Could you return every record below word for word, leaving out the pictures?

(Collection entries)

#####

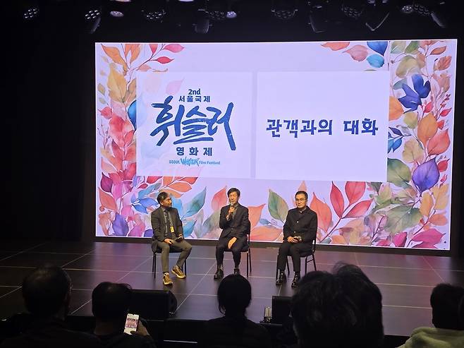 | ▲ 질문에 답하고 있는 장영주 감독 그는 "어디든 틀 수 있는 공간만 있으면, 언제든 이 영화를 보여주겠다"고 말했다. 왼쪽부터 김성재, 장영주, 김승필 |
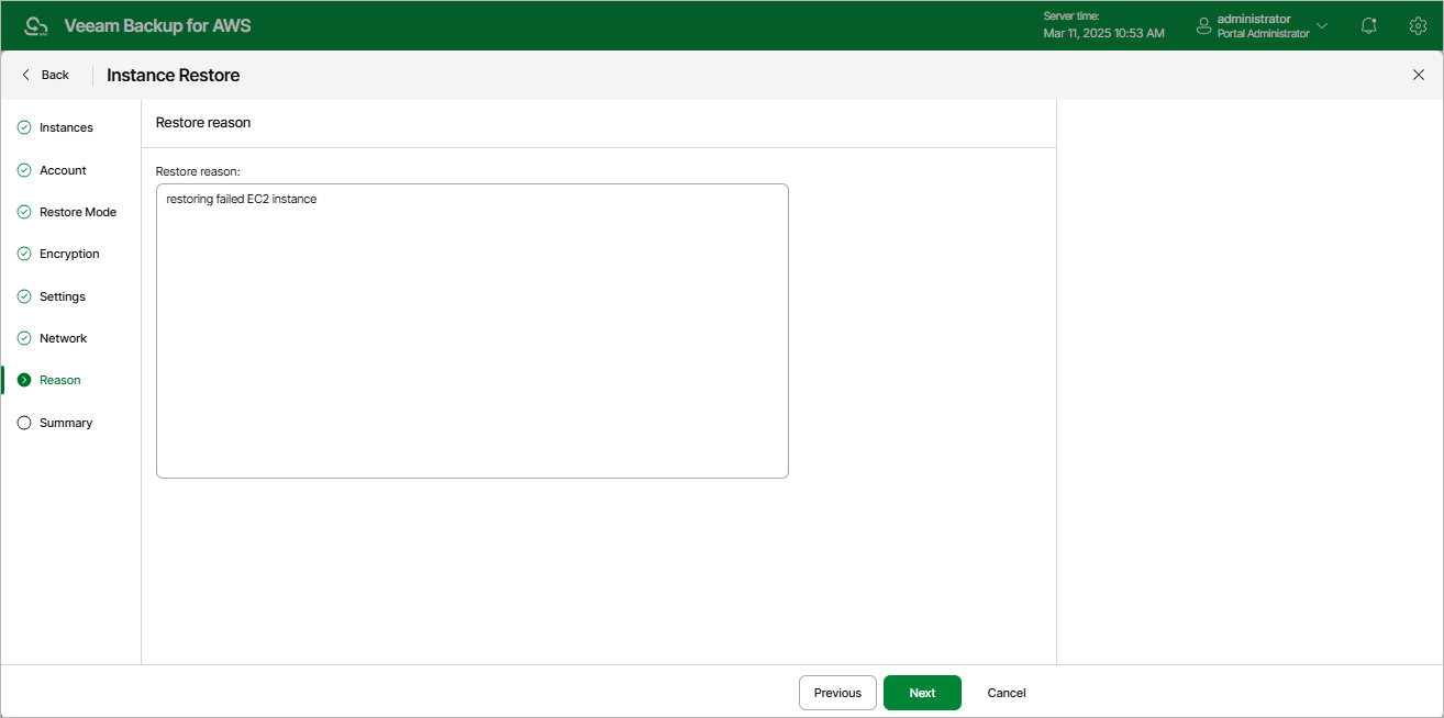 At the Reason step of the wizard, you can specify a reason for restoring the EC2 instance. This information will be saved to the session history, and you will be able to reference it later.
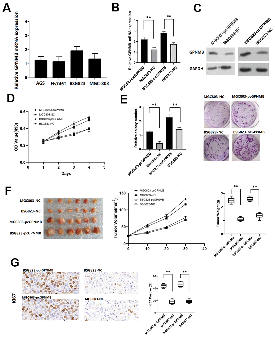 To further study the biological significance of GPNMB in STAD patients, MGC803-pcGPNMB and BSG823-pcGPNMB cells were subcutaneously injected and their corresponding controls into nude mice and monitored their tumor growth. Compared to the control cells, MGC803-pcGPNMB and BSG823-pcGPNMB cells demonstrated a significantly larger tumor size. In addition, the high GPNMB levels in STAD cells showed association with higher tumor growth rates and larger tumor weight (Figure 7F). Immunohistochemical experiments revealed that the Ki67 positive rate in high-GPNMB group was significantly higher than that of the control group (Figure 7G). Taken together, these data suggest that GPNMB promotes the growth of STAD tumors in vivo.
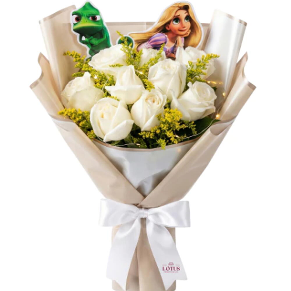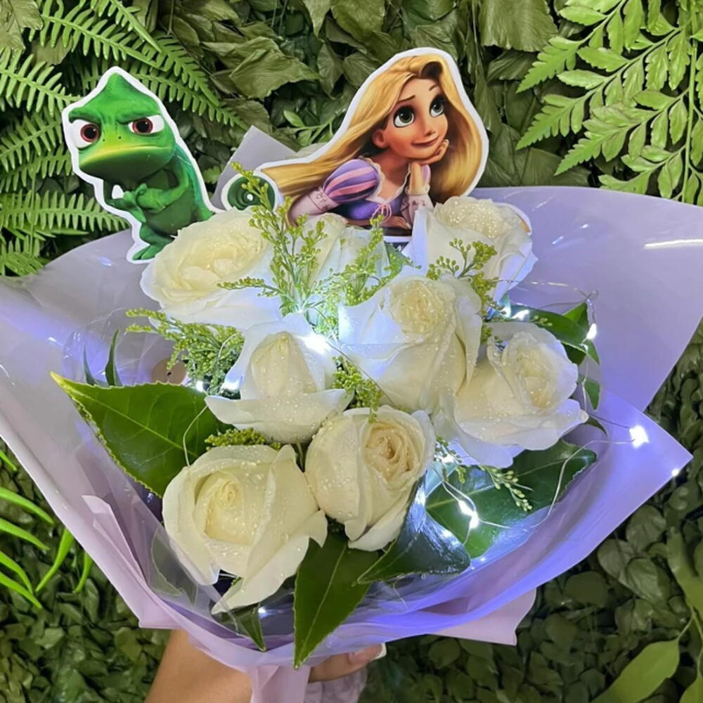 Olha, se você pensou que a Rapunzel só ficou famosa pelo cabelo dourado, está muito enganado. O verdadeiro segredo da magia dela? Foi um príncipe... bem, quase um príncipe. Mas, se você não está pronto para escalar torres e lutar contra vilões (quem está?), esse buquê vai te dar uma ajudinha no romance – e sem necessidade de qualquer feitiço! Itens inclusos: 9 Rosas Brancas Tango Led 2 Imagens de Alta Qualidade Entrega rápida e segura! Por que quem tem tempo para escalar uma torre quando você pode receber esse buquê agora mesmo? Liberte o amor e a magia do seu jeito! Garanta agora o Buquê Mundo Disney - Enrolados e faça ela se sentir uma princesa – sem os rolos de cabelo e a longa espera!
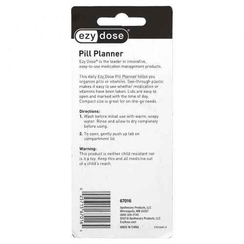 Этот ежедневный органайзер для таблеток Ezy Dose поможет вам систематизировать таблетки или витамины. Прозрачный пластик позволяет легко увидеть, были ли приемы лекарств или витаминов. Крышка легко открывать и отмечена временем суток. Компактный размер идеально подходит для использования в дороге.
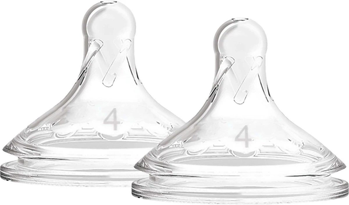 Dr. Browns Flesspeen Brede Hals Fase 4. Deze speen is geschikt voor kindjes vanaf ongeveer 9 maanden. De speen is bedoeld voor pap en dikkere voeding. Bijvoorbeeld voeding op basis van johannespitmeel. Ook geschikt voor kindjes die snel of gulzig eten.De spenen van Dr. Browns zijn gemaakt van zeer zachte, klinisch geteste siliconen. Door de speciale vorm en de zeer zachte textuur ligt de speen perfect in je babys mond. Er zijn verschillende flesspenen van Dr. Browns te verkrijgen. Het verschil zit in de snelheid waarmee de voeding doorstroomt en de leeftijd van je kleintje. Vervang spenen elke zes weken of eerder als er tekenen van slijtage zijn. Alleen geschikt voor Dr. Browns Options+ Anti-colic brede halsfles.
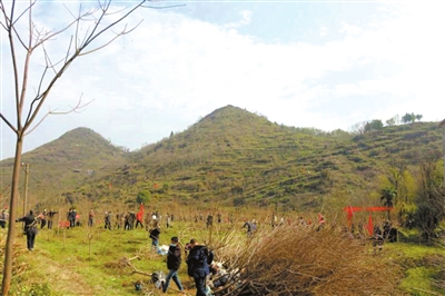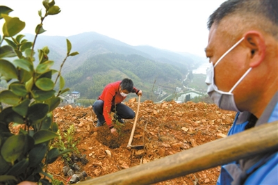3月11日,通城縣直機(jī)關(guān)單位部分干部,戴著口罩開展義務(wù)植樹活動(dòng)。
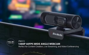 AVerMedia Live Streamer CAM 315, Webcam, 1080p/60fps Recording, Microphones, Fixed Focus, Wide Adjustable Field of View, Works with Skype, Zoom, Teams – Black
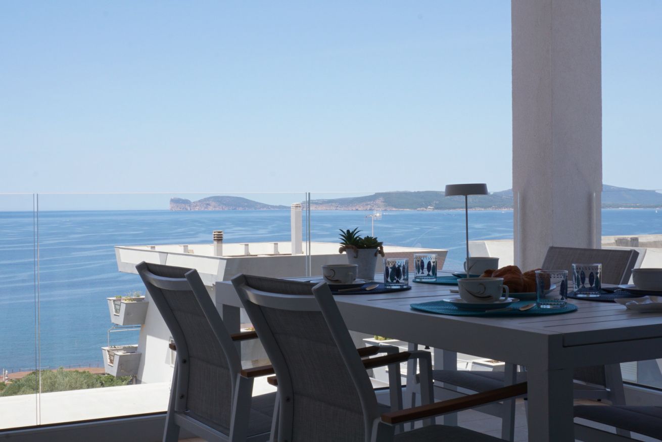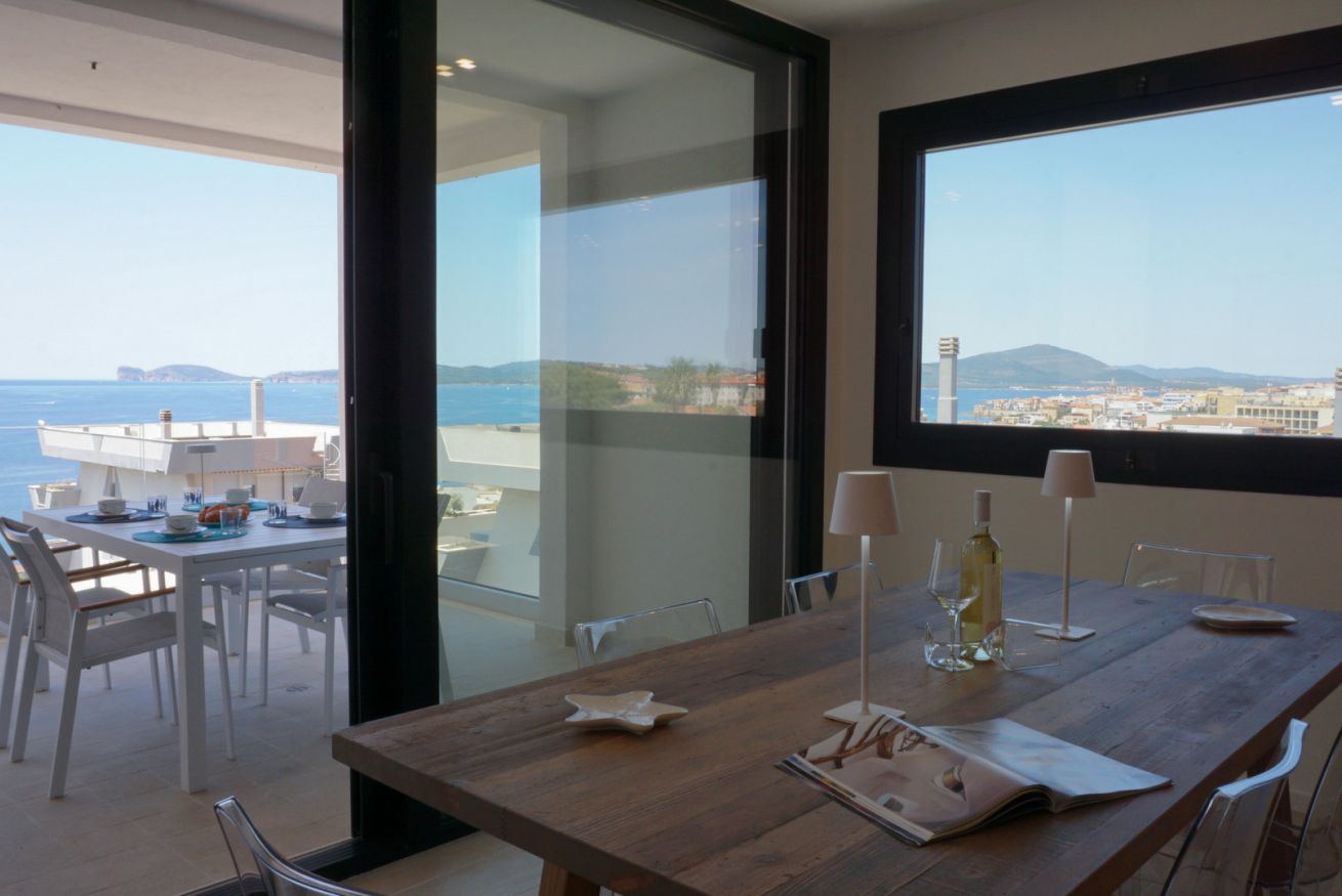 In una delle zone più tranquille di Alghero, dal quale si può ammirare un panorama mozzafiato, si trova Postcard, un magnifico appartamento all'ultimo piano di un palazzo di recente costruzione.
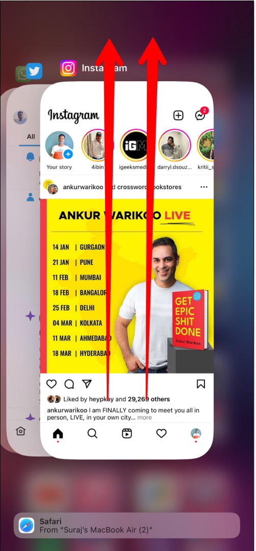 Ezért csúsztassa fel és tartsa meg a kezdőképernyőn az App Switcher megnyitásához. Ezután távolítsa el az alkalmazásokat az Instagram -szal együtt. Ez arra kényszeríti az alkalmazást, hogy állítsa le a háttér tevékenységeit. Néhány másodperc múlva nyissa meg újra az alkalmazást, és ellenőrizze, hogy a probléma megoldódott-e.
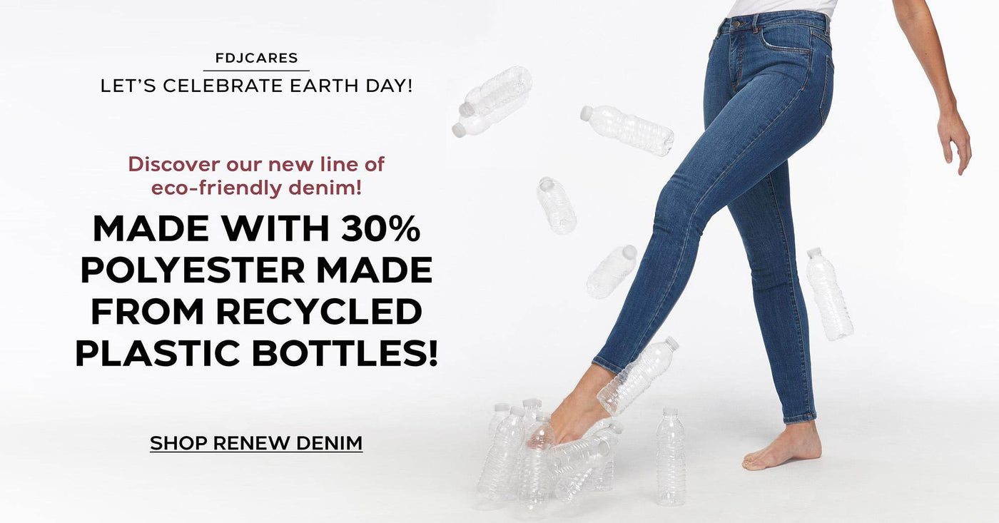 FDJ RENEW DENIM: Discover our new line of eco-friendly denim! Made with 30% Polyester made from recycled plastic bottles!

#####

**Final answer**
 | ▲ 질문에 답하고 있는 장영주 감독 그는 "어디든 틀 수 있는 공간만 있으면, 언제든 이 영화를 보여주겠다"고 말했다. 왼쪽부터 김성재, 장영주, 김승필 |
 At the Reason step of the wizard, you can specify a reason for restoring the EC2 instance. This information will be saved to the session history, and you will be able to reference it later.
 To further study the biological significance of GPNMB in STAD patients, MGC803-pcGPNMB and BSG823-pcGPNMB cells were subcutaneously injected and their corresponding controls into nude mice and monitored their tumor growth. Compared to the control cells, MGC803-pcGPNMB and BSG823-pcGPNMB cells demonstrated a significantly larger tumor size. In addition, the high GPNMB levels in STAD cells showed association with higher tumor growth rates and larger tumor weight (Figure 7F). Immunohistochemical experiments revealed that the Ki67 positive rate in high-GPNMB group was significantly higher than that of the control group (Figure 7G). Taken together, these data suggest that GPNMB promotes the growth of STAD tumors in vivo.
 Olha, se você pensou que a Rapunzel só ficou famosa pelo cabelo dourado, está muito enganado. O verdadeiro segredo da magia dela? Foi um príncipe... bem, quase um príncipe. Mas, se você não está pronto para escalar torres e lutar contra vilões (quem está?), esse buquê vai te dar uma ajudinha no romance – e sem necessidade de qualquer feitiço! Itens inclusos: 9 Rosas Brancas Tango Led 2 Imagens de Alta Qualidade Entrega rápida e segura! Por que quem tem tempo para escalar uma torre quando você pode receber esse buquê agora mesmo? Liberte o amor e a magia do seu jeito! Garanta agora o Buquê Mundo Disney - Enrolados e faça ela se sentir uma princesa – sem os rolos de cabelo e a longa espera!
 Этот ежедневный органайзер для таблеток Ezy Dose поможет вам систематизировать таблетки или витамины. Прозрачный пластик позволяет легко увидеть, были ли приемы лекарств или витаминов. Крышка легко открывать и отмечена временем суток. Компактный размер идеально подходит для использования в дороге.
 Dr. Browns Flesspeen Brede Hals Fase 4. Deze speen is geschikt voor kindjes vanaf ongeveer 9 maanden. De speen is bedoeld voor pap en dikkere voeding. Bijvoorbeeld voeding op basis van johannespitmeel. Ook geschikt voor kindjes die snel of gulzig eten.De spenen van Dr. Browns zijn gemaakt van zeer zachte, klinisch geteste siliconen. Door de speciale vorm en de zeer zachte textuur ligt de speen perfect in je babys mond. Er zijn verschillende flesspenen van Dr. Browns te verkrijgen. Het verschil zit in de snelheid waarmee de voeding doorstroomt en de leeftijd van je kleintje. Vervang spenen elke zes weken of eerder als er tekenen van slijtage zijn. Alleen geschikt voor Dr. Browns Options+ Anti-colic brede halsfles.
3月11日,通城縣直機(jī)關(guān)單位部分干部,戴著口罩開展義務(wù)植樹活動(dòng)。
 AVerMedia Live Streamer CAM 315, Webcam, 1080p/60fps Recording, Microphones, Fixed Focus, Wide Adjustable Field of View, Works with Skype, Zoom, Teams – Black
 In una delle zone più tranquille di Alghero, dal quale si può ammirare un panorama mozzafiato, si trova Postcard, un magnifico appartamento all'ultimo piano di un palazzo di recente costruzione.
 Ezért csúsztassa fel és tartsa meg a kezdőképernyőn az App Switcher megnyitásához. Ezután távolítsa el az alkalmazásokat az Instagram -szal együtt. Ez arra kényszeríti az alkalmazást, hogy állítsa le a háttér tevékenységeit. Néhány másodperc múlva nyissa meg újra az alkalmazást, és ellenőrizze, hogy a probléma megoldódott-e.
 FDJ RENEW DENIM: Discover our new line of eco-friendly denim! Made with 30% Polyester made from recycled plastic bottles!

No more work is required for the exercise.